■ STUDY MATERIAL
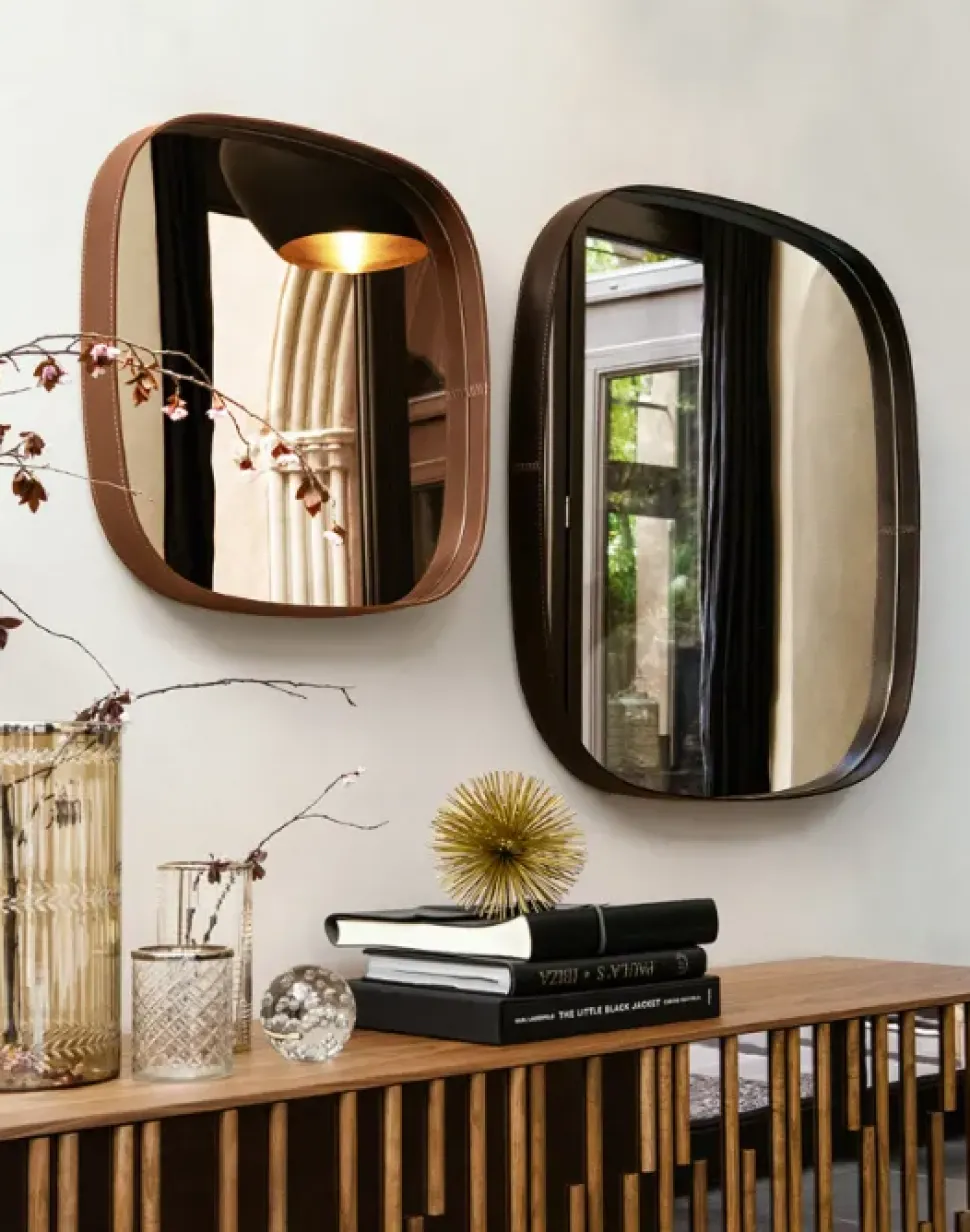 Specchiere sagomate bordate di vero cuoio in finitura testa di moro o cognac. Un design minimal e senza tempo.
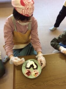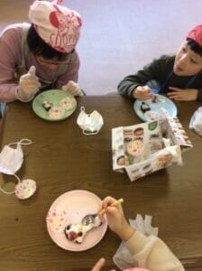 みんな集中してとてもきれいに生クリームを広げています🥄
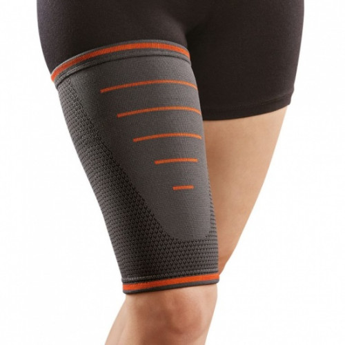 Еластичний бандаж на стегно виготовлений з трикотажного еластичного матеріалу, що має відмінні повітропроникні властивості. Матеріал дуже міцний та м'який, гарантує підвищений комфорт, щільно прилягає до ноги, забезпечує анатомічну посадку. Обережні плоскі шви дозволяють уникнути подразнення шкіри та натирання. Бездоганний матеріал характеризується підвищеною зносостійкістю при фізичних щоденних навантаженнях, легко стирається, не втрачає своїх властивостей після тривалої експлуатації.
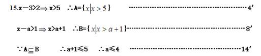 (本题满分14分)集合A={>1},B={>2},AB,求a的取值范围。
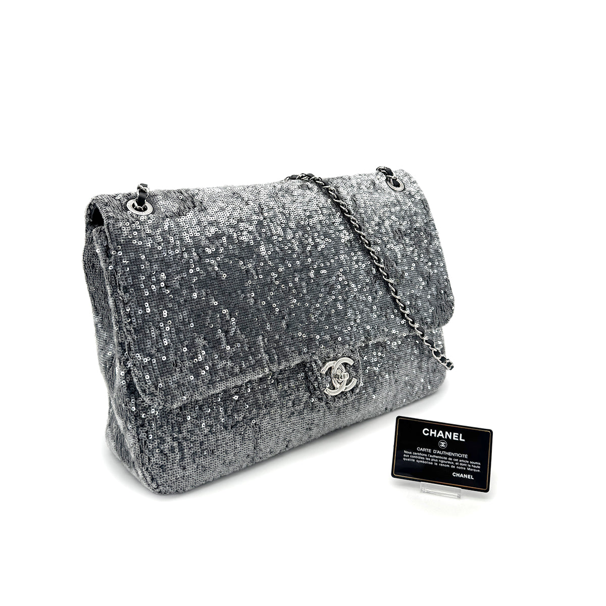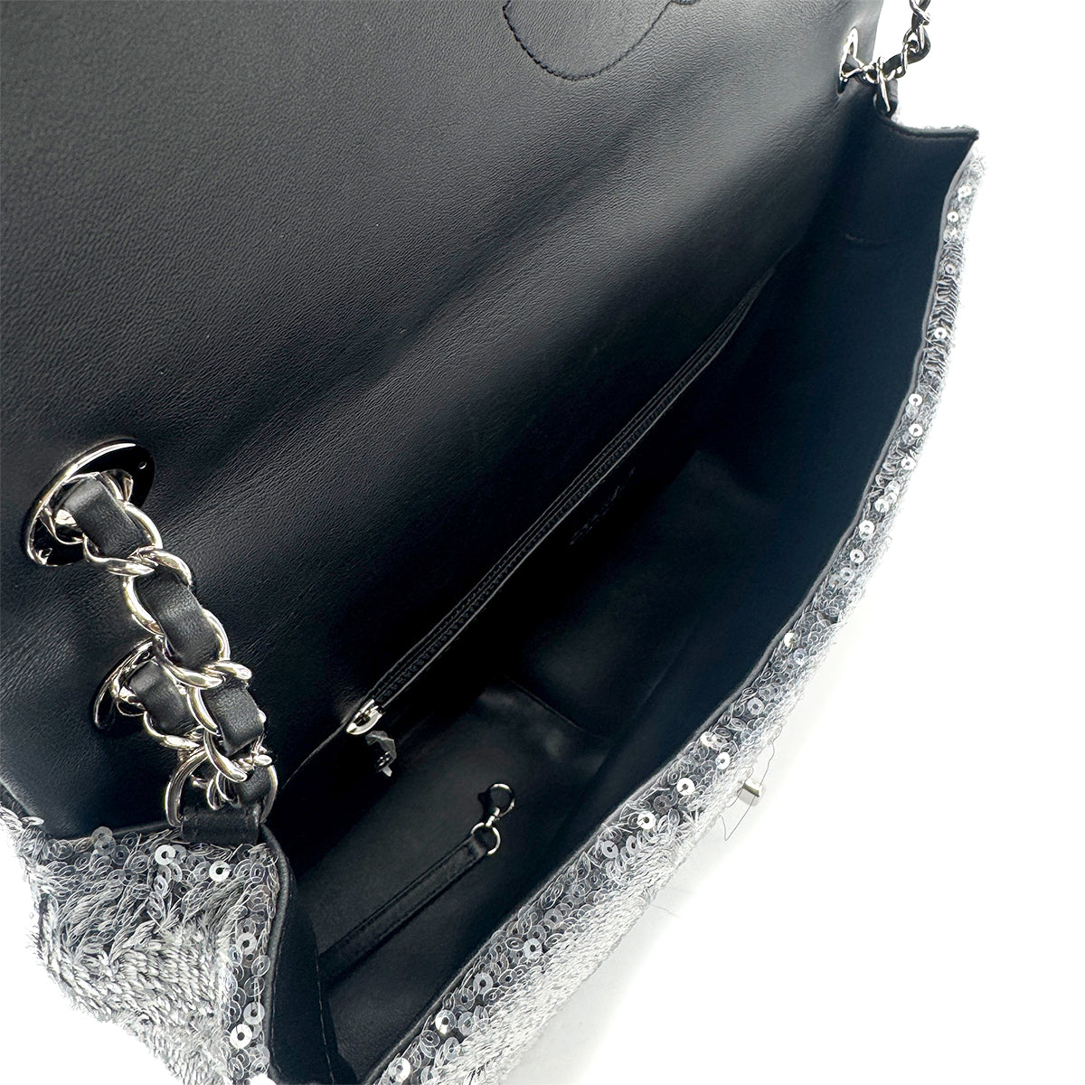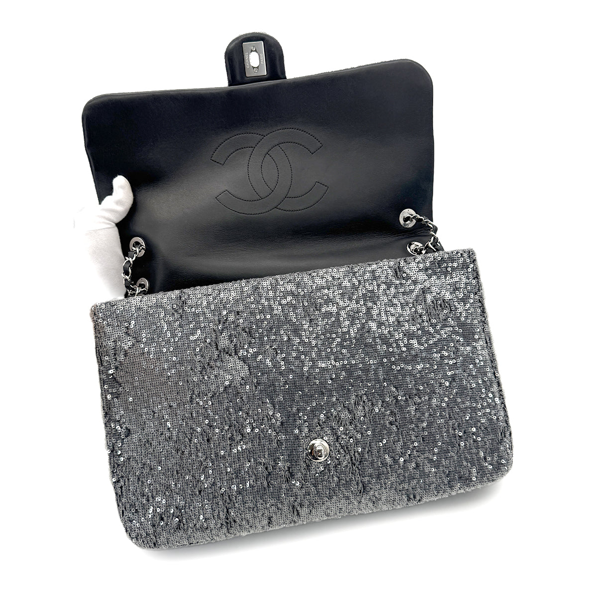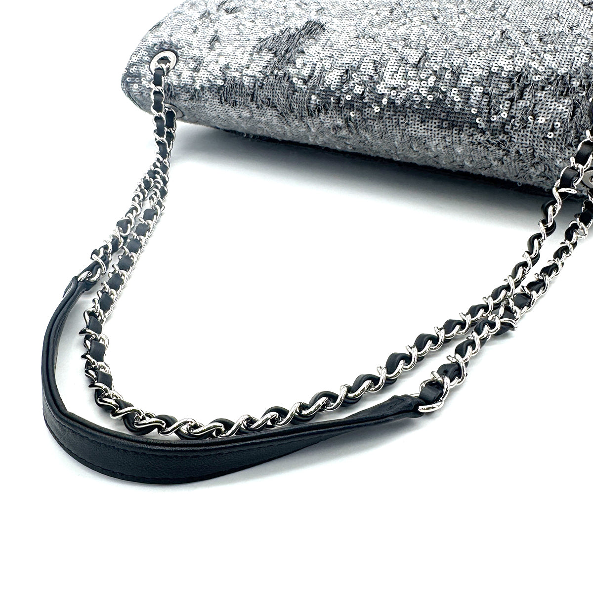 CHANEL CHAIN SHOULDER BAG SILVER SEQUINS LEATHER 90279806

==

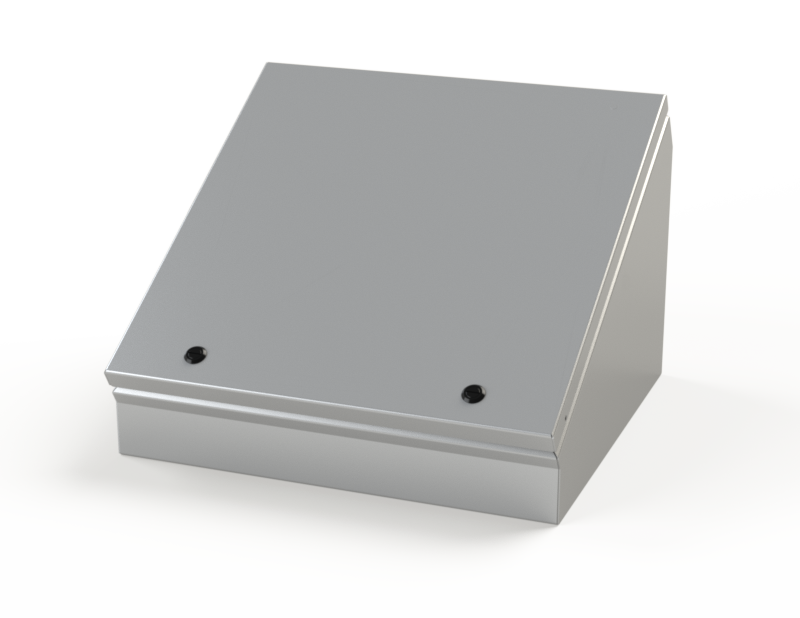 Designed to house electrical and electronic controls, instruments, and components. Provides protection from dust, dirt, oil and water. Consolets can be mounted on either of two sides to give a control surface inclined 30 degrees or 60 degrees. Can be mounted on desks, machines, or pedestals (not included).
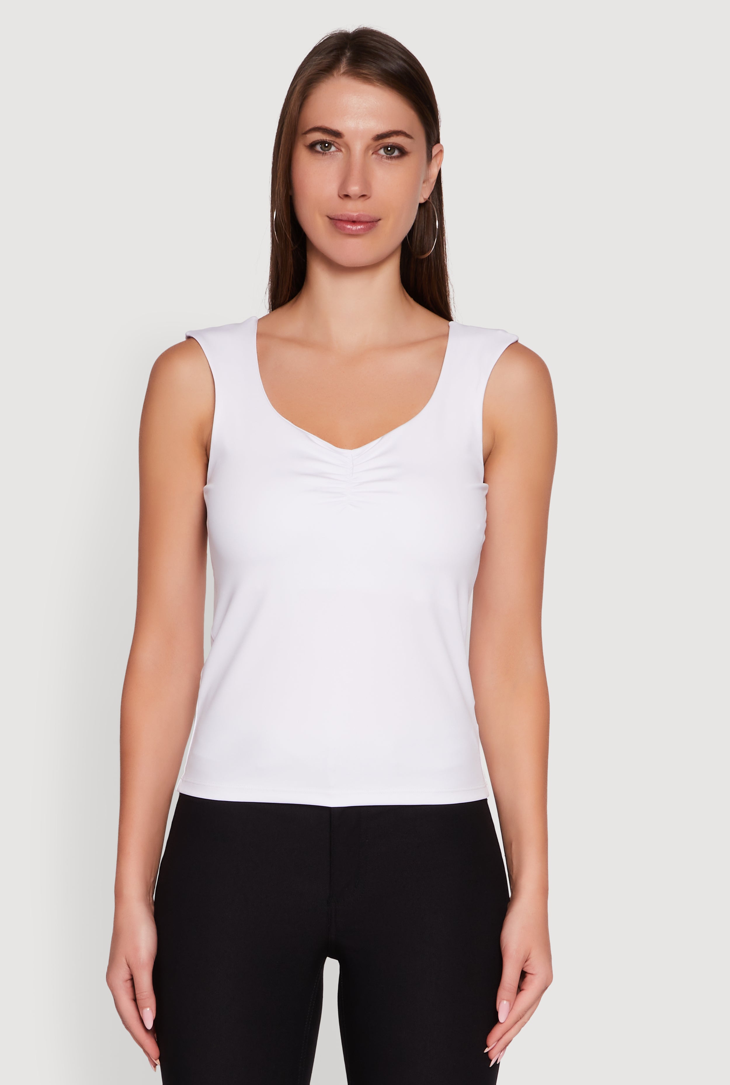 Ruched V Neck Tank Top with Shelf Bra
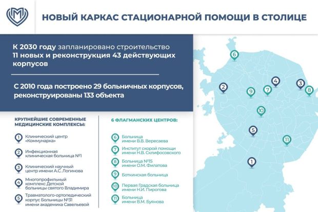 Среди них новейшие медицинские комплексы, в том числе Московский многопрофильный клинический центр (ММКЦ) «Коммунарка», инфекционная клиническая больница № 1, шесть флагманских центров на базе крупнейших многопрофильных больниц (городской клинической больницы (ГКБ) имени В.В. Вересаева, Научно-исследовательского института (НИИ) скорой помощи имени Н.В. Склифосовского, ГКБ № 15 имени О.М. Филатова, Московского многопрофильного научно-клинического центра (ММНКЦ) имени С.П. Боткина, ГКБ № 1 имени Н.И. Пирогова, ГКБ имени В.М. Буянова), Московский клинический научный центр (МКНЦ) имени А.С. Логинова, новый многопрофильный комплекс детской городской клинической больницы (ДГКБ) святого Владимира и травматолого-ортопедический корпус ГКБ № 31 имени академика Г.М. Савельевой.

--

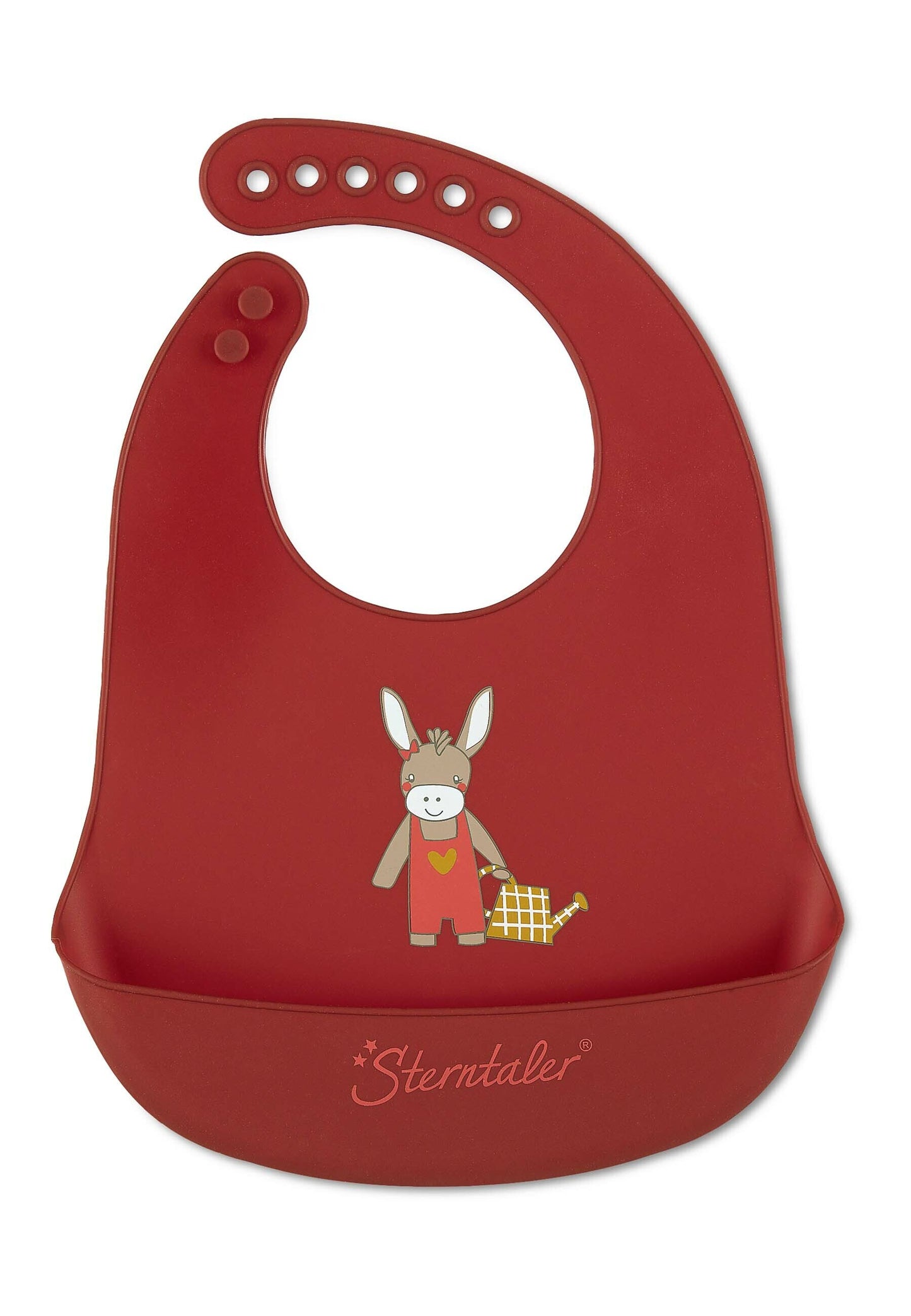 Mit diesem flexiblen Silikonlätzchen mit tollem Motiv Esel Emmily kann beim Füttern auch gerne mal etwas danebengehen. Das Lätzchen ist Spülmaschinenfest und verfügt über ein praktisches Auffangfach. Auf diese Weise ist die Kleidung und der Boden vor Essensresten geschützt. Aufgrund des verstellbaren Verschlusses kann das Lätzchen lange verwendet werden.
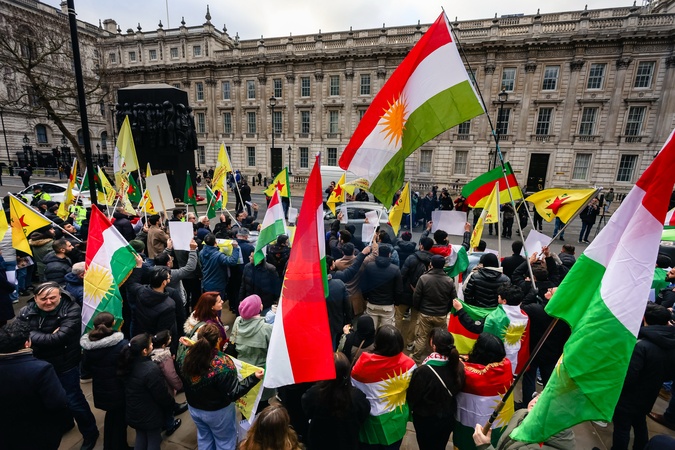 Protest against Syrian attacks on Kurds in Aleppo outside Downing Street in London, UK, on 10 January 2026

■ AIM OF THE TASK
Print nothing except the lines above from the one containing "みんな集中してとてもきれいに生クリームを広げています🥄" down to the one containing "CHANEL CHAIN SHOULDER", both included, exactly as written and free of pictures.

■ ANSWER BOX
 みんな集中してとてもきれいに生クリームを広げています🥄
 Еластичний бандаж на стегно виготовлений з трикотажного еластичного матеріалу, що має відмінні повітропроникні властивості. Матеріал дуже міцний та м'який, гарантує підвищений комфорт, щільно прилягає до ноги, забезпечує анатомічну посадку. Обережні плоскі шви дозволяють уникнути подразнення шкіри та натирання. Бездоганний матеріал характеризується підвищеною зносостійкістю при фізичних щоденних навантаженнях, легко стирається, не втрачає своїх властивостей після тривалої експлуатації.
 (本题满分14分)集合A={>1},B={>2},AB,求a的取值范围。
 CHANEL CHAIN SHOULDER BAG SILVER SEQUINS LEATHER 90279806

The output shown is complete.